◆ Material for this exercise ◆
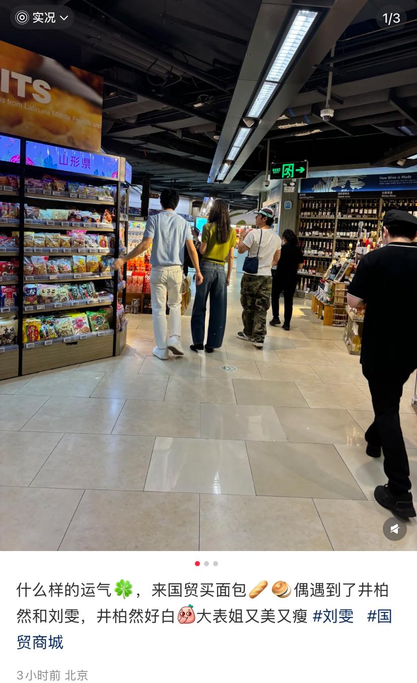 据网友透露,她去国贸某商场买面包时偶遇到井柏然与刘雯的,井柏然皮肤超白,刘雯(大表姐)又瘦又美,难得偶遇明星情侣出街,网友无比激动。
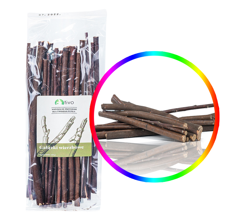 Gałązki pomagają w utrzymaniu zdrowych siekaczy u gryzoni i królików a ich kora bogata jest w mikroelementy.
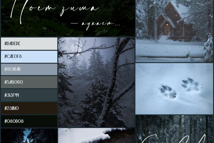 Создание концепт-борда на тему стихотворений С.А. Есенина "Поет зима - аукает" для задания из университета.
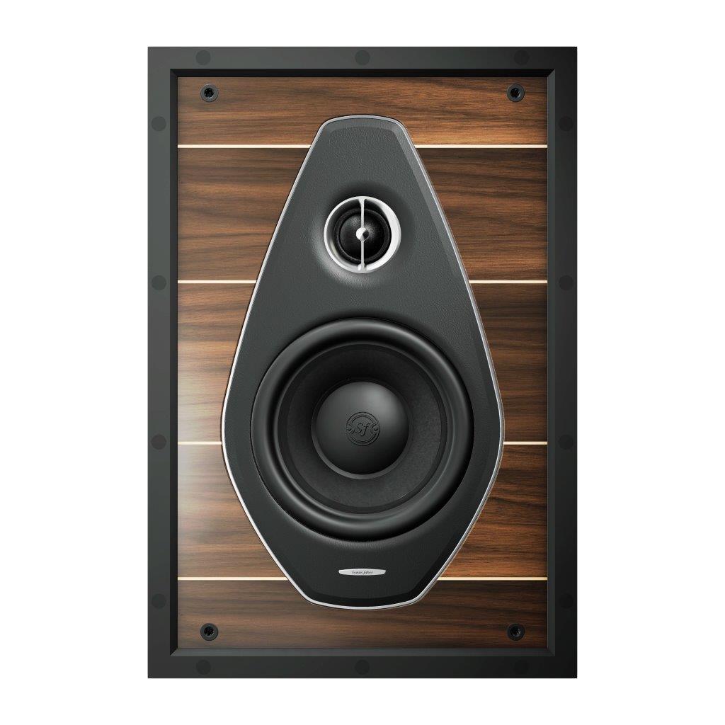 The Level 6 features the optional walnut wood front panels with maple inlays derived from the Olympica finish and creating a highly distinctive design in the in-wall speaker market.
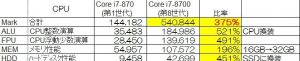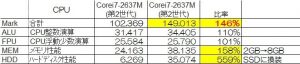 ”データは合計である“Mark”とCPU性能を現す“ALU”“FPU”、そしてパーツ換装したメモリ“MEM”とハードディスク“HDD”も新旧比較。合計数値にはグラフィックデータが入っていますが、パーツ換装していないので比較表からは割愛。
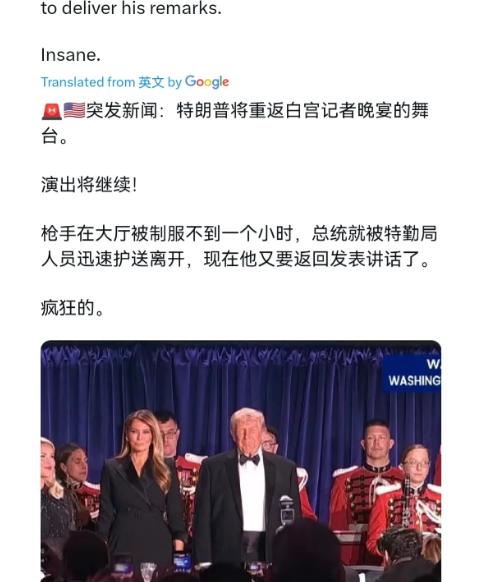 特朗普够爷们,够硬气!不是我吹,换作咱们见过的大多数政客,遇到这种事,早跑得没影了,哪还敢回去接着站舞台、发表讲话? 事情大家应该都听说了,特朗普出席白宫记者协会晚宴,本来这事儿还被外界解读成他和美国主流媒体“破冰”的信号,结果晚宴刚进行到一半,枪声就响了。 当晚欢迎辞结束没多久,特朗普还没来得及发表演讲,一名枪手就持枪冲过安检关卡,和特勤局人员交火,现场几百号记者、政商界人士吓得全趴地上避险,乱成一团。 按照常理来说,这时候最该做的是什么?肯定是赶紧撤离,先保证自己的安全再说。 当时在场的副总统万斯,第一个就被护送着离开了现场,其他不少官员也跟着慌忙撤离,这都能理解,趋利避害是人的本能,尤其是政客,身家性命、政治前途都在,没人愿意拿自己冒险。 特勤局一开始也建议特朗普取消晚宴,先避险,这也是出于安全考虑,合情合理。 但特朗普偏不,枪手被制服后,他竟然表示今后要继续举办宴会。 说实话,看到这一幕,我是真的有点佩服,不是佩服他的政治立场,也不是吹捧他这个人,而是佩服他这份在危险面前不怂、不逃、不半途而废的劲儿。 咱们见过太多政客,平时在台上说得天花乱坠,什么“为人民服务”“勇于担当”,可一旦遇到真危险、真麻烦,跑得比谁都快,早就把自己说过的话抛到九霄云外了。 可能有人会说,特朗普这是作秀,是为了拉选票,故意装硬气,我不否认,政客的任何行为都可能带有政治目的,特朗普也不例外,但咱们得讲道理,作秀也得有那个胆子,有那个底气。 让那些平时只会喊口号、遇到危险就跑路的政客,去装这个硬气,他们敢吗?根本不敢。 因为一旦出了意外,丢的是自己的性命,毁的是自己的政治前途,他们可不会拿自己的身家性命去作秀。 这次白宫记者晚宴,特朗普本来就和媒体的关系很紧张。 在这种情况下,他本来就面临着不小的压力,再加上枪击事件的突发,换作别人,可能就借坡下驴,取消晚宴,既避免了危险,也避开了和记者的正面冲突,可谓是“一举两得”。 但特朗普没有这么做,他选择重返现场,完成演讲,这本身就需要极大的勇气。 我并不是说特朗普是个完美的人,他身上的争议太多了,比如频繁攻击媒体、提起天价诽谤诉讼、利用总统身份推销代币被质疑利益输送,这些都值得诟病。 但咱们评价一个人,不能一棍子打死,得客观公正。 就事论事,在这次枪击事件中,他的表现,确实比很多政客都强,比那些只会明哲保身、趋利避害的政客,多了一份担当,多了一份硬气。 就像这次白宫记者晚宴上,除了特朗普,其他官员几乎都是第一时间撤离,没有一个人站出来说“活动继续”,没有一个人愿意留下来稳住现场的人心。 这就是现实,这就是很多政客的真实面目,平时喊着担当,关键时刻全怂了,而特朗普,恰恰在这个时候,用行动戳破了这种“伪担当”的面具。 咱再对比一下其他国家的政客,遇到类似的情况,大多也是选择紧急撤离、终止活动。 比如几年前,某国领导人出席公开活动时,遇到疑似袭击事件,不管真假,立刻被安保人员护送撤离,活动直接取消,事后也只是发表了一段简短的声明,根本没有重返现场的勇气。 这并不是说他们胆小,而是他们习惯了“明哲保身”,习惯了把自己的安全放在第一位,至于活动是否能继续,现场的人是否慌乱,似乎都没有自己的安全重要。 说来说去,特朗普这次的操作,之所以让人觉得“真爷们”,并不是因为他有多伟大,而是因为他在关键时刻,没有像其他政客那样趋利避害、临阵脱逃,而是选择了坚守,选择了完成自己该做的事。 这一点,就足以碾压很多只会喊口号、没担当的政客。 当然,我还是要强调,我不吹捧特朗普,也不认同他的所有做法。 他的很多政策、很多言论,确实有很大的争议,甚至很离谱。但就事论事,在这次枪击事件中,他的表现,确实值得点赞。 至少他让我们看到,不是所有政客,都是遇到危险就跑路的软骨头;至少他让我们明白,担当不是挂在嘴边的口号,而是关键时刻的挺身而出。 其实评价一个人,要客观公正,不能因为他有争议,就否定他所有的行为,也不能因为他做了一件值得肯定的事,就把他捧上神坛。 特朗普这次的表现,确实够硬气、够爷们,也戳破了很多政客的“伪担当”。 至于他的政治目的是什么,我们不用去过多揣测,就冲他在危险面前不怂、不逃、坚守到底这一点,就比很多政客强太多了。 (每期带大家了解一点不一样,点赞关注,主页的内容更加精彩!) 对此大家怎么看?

◆ Task goal ◆
With pictures excluded, output the listing above exactly as it stands.

◆ Finished exercise ◆
 据网友透露,她去国贸某商场买面包时偶遇到井柏然与刘雯的,井柏然皮肤超白,刘雯(大表姐)又瘦又美,难得偶遇明星情侣出街,网友无比激动。
 Gałązki pomagają w utrzymaniu zdrowych siekaczy u gryzoni i królików a ich kora bogata jest w mikroelementy.
 Создание концепт-борда на тему стихотворений С.А. Есенина "Поет зима - аукает" для задания из университета.
 The Level 6 features the optional walnut wood front panels with maple inlays derived from the Olympica finish and creating a highly distinctive design in the in-wall speaker market.
 ”データは合計である“Mark”とCPU性能を現す“ALU”“FPU”、そしてパーツ換装したメモリ“MEM”とハードディスク“HDD”も新旧比較。合計数値にはグラフィックデータが入っていますが、パーツ換装していないので比較表からは割愛。
 特朗普够爷们,够硬气!不是我吹,换作咱们见过的大多数政客,遇到这种事,早跑得没影了,哪还敢回去接着站舞台、发表讲话? 事情大家应该都听说了,特朗普出席白宫记者协会晚宴,本来这事儿还被外界解读成他和美国主流媒体“破冰”的信号,结果晚宴刚进行到一半,枪声就响了。 当晚欢迎辞结束没多久,特朗普还没来得及发表演讲,一名枪手就持枪冲过安检关卡,和特勤局人员交火,现场几百号记者、政商界人士吓得全趴地上避险,乱成一团。 按照常理来说,这时候最该做的是什么?肯定是赶紧撤离,先保证自己的安全再说。 当时在场的副总统万斯,第一个就被护送着离开了现场,其他不少官员也跟着慌忙撤离,这都能理解,趋利避害是人的本能,尤其是政客,身家性命、政治前途都在,没人愿意拿自己冒险。 特勤局一开始也建议特朗普取消晚宴,先避险,这也是出于安全考虑,合情合理。 但特朗普偏不,枪手被制服后,他竟然表示今后要继续举办宴会。 说实话,看到这一幕,我是真的有点佩服,不是佩服他的政治立场,也不是吹捧他这个人,而是佩服他这份在危险面前不怂、不逃、不半途而废的劲儿。 咱们见过太多政客,平时在台上说得天花乱坠,什么“为人民服务”“勇于担当”,可一旦遇到真危险、真麻烦,跑得比谁都快,早就把自己说过的话抛到九霄云外了。 可能有人会说,特朗普这是作秀,是为了拉选票,故意装硬气,我不否认,政客的任何行为都可能带有政治目的,特朗普也不例外,但咱们得讲道理,作秀也得有那个胆子,有那个底气。 让那些平时只会喊口号、遇到危险就跑路的政客,去装这个硬气,他们敢吗?根本不敢。 因为一旦出了意外,丢的是自己的性命,毁的是自己的政治前途,他们可不会拿自己的身家性命去作秀。 这次白宫记者晚宴,特朗普本来就和媒体的关系很紧张。 在这种情况下,他本来就面临着不小的压力,再加上枪击事件的突发,换作别人,可能就借坡下驴,取消晚宴,既避免了危险,也避开了和记者的正面冲突,可谓是“一举两得”。 但特朗普没有这么做,他选择重返现场,完成演讲,这本身就需要极大的勇气。 我并不是说特朗普是个完美的人,他身上的争议太多了,比如频繁攻击媒体、提起天价诽谤诉讼、利用总统身份推销代币被质疑利益输送,这些都值得诟病。 但咱们评价一个人,不能一棍子打死,得客观公正。 就事论事,在这次枪击事件中,他的表现,确实比很多政客都强,比那些只会明哲保身、趋利避害的政客,多了一份担当,多了一份硬气。 就像这次白宫记者晚宴上,除了特朗普,其他官员几乎都是第一时间撤离,没有一个人站出来说“活动继续”,没有一个人愿意留下来稳住现场的人心。 这就是现实,这就是很多政客的真实面目,平时喊着担当,关键时刻全怂了,而特朗普,恰恰在这个时候,用行动戳破了这种“伪担当”的面具。 咱再对比一下其他国家的政客,遇到类似的情况,大多也是选择紧急撤离、终止活动。 比如几年前,某国领导人出席公开活动时,遇到疑似袭击事件,不管真假,立刻被安保人员护送撤离,活动直接取消,事后也只是发表了一段简短的声明,根本没有重返现场的勇气。 这并不是说他们胆小,而是他们习惯了“明哲保身”,习惯了把自己的安全放在第一位,至于活动是否能继续,现场的人是否慌乱,似乎都没有自己的安全重要。 说来说去,特朗普这次的操作,之所以让人觉得“真爷们”,并不是因为他有多伟大,而是因为他在关键时刻,没有像其他政客那样趋利避害、临阵脱逃,而是选择了坚守,选择了完成自己该做的事。 这一点,就足以碾压很多只会喊口号、没担当的政客。 当然,我还是要强调,我不吹捧特朗普,也不认同他的所有做法。 他的很多政策、很多言论,确实有很大的争议,甚至很离谱。但就事论事,在这次枪击事件中,他的表现,确实值得点赞。 至少他让我们看到,不是所有政客,都是遇到危险就跑路的软骨头;至少他让我们明白,担当不是挂在嘴边的口号,而是关键时刻的挺身而出。 其实评价一个人,要客观公正,不能因为他有争议,就否定他所有的行为,也不能因为他做了一件值得肯定的事,就把他捧上神坛。 特朗普这次的表现,确实够硬气、够爷们,也戳破了很多政客的“伪担当”。 至于他的政治目的是什么,我们不用去过多揣测,就冲他在危险面前不怂、不逃、坚守到底这一点,就比很多政客强太多了。 (每期带大家了解一点不一样,点赞关注,主页的内容更加精彩!) 对此大家怎么看?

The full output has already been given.